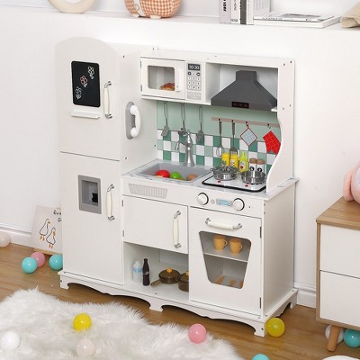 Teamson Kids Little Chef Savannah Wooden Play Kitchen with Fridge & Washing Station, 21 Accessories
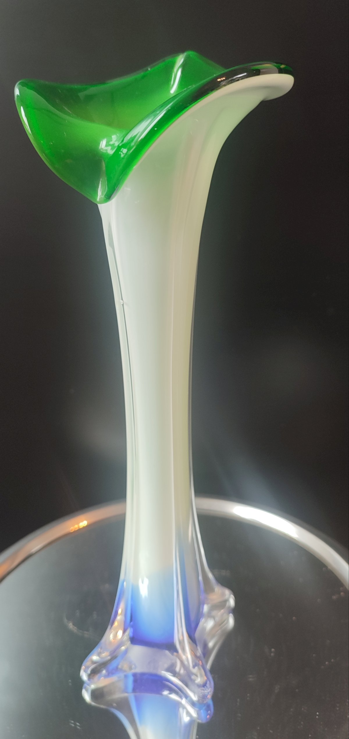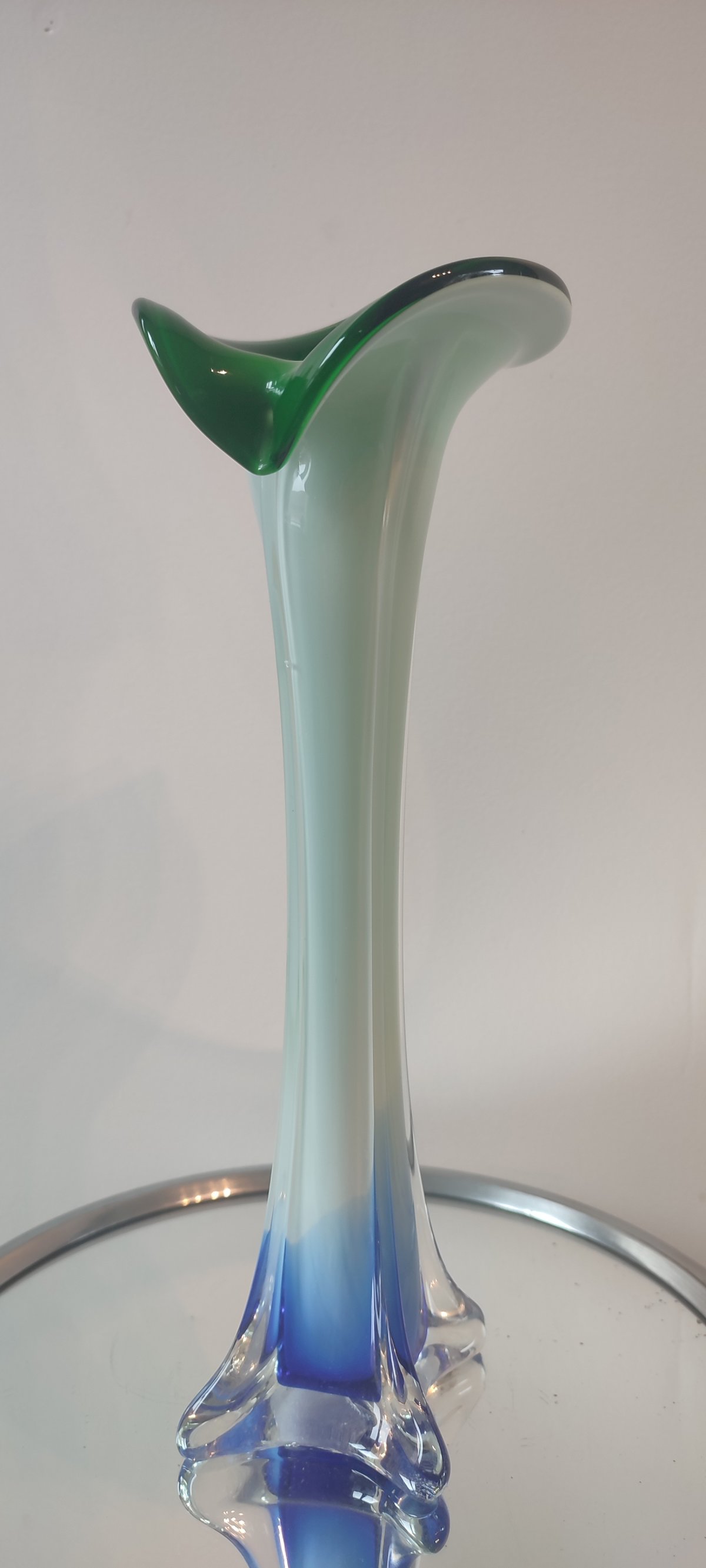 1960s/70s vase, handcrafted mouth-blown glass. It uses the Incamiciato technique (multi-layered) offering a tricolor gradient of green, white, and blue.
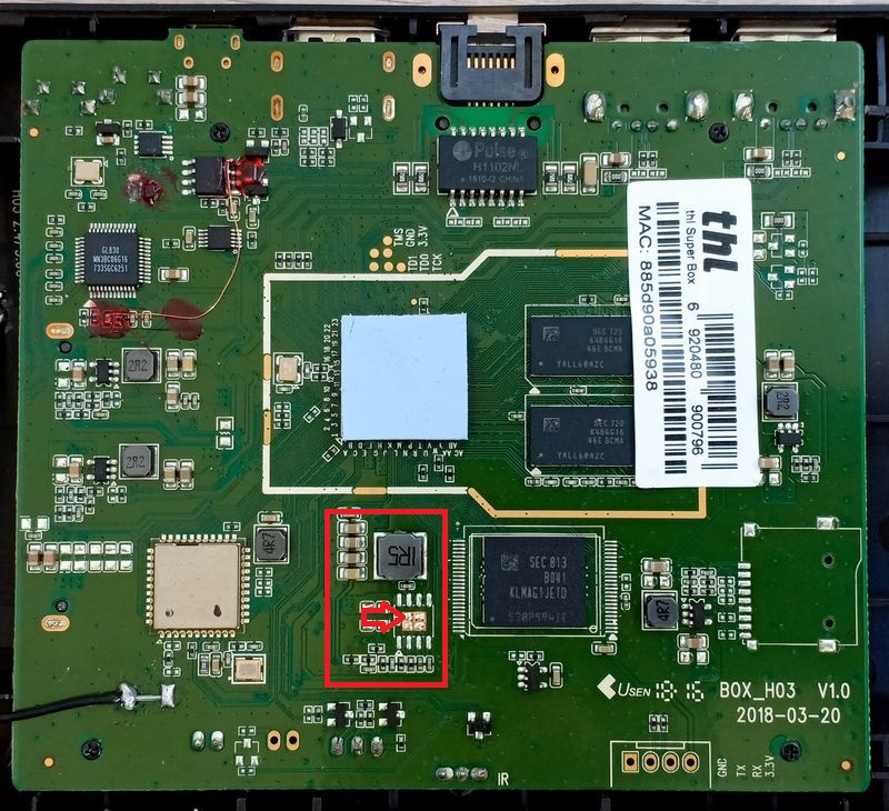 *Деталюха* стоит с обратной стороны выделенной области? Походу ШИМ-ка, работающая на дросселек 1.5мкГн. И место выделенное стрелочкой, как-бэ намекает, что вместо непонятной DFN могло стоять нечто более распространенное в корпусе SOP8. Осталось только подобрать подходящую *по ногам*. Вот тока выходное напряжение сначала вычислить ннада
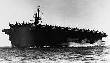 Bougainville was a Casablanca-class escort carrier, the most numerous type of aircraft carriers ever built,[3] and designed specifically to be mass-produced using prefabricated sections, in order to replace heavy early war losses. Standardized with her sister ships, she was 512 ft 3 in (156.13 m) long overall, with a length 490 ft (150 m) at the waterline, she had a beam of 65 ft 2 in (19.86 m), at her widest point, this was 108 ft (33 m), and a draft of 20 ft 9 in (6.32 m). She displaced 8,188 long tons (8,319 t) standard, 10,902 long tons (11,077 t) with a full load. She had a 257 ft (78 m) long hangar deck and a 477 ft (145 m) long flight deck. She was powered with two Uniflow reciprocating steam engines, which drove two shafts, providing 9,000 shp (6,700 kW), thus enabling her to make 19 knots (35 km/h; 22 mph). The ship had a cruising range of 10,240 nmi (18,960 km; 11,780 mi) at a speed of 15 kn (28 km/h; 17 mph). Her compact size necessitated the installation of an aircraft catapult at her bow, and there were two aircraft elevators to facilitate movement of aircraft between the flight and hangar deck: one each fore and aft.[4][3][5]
--
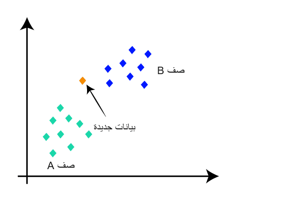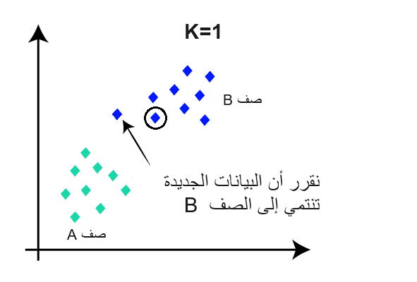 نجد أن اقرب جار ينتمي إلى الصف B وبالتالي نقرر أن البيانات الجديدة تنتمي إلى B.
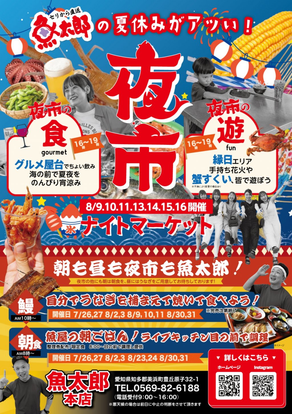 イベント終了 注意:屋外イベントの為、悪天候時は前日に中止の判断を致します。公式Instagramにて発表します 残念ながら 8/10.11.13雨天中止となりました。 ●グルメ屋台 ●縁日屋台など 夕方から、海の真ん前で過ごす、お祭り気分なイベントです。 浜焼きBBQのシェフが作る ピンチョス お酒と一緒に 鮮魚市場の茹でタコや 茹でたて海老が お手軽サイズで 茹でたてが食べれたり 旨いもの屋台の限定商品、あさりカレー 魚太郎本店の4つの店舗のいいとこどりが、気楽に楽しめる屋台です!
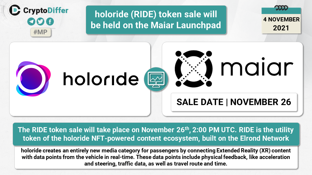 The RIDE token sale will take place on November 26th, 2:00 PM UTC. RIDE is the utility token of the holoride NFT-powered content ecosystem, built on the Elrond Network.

■ **Task**
Your output should be the lines above from the one that contains "Teamson Kids Little" through the one that contains "сначала вычислить ннада", word for word, with pictures left out.

■ **Solution below**
 Teamson Kids Little Chef Savannah Wooden Play Kitchen with Fridge & Washing Station, 21 Accessories
 1960s/70s vase, handcrafted mouth-blown glass. It uses the Incamiciato technique (multi-layered) offering a tricolor gradient of green, white, and blue.
 *Деталюха* стоит с обратной стороны выделенной области? Походу ШИМ-ка, работающая на дросселек 1.5мкГн. И место выделенное стрелочкой, как-бэ намекает, что вместо непонятной DFN могло стоять нечто более распространенное в корпусе SOP8. Осталось только подобрать подходящую *по ногам*. Вот тока выходное напряжение сначала вычислить ннада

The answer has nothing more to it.